Technocratic solutions to the climate crisis will never rally the mass support for climate action that’s needed in Alberta. So, what will?

We need a transformative industrial strategy paid for by the multi-billion-dollar corporations that have been automating jobs out of existence and profiting on the backs of Albertans. The good news is the majority of Albertans support this kind of approach. They want climate action that protects the jobs of working people and forces the ultra-wealthy to pay their fair share.

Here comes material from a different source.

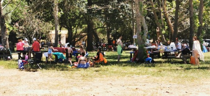Türkiye'nin en önemli turizm kenti Kuşadası'ndaki sahillerde, sabahın erken saatlerinden itibaren dünyaca ünlü Kadınlar Denizi Plajı, Büyük Menderes Deltası Dilek Yarımadası Milli Parkı'na gelen vatandaşlar, denizin, kumun ve güneşin tadını doyasıya çıkardı. Hava sıcaklığının 34, deniz suyu sıcaklığının 24 derece ölçüldüğü kentte, sıcak havadan bunalan Kuşadalılar, kumsallarda voleybol oynadı, bol, bol güneşlenip, denizden çıkmadı.
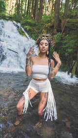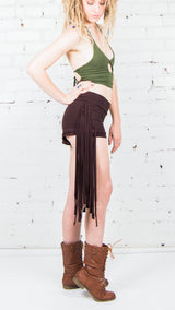 Umba's latest Fringe Shorts are flirty booty shorts with long fringe on either side, making them a fun and playful option for those hot summer days. Perfect for a night out dancing, these shorts add unique flare in your outfit. They also look great paired with our Fringe Crop Top. Definitely a must have for music festivals, a day at the beach, or Burning Man.

In a 2019 Abacus poll, 72 per cent of Albertans reported being “much more supportive” or “somewhat more supportive” of transitioning the economy and society away from fossil fuels if the federal government were to commit to a “good jobs guarantee” for all people currently employed in the oil, gas and coal industries. Some 69 per cent of Albertans would be “much more supportive” or “somewhat more supportive” if wealthy and large corporations were required to contribute more in taxes to help pay for the plan.

We’re in a climate emergency, and the arsonists most responsible are raking in record profits. It’s time for Trudeau to end fossil fuel subsidies, tax the windfall profits of these companies and phase out the oil sands and natural gas extraction. Then he must get to work building the economy and society working Canadians deserve—one that honours Indigenous land rights, creates good, green, unionized jobs, invests massively in public works projects such as energy-efficient social housing, and expands the low-carbon sectors of our economy.

It’s not too late for Justin Trudeau to step over to the right side of history—and to truly do right by Albertans—but the window is rapidly closing, and the current playbook won’t cut it.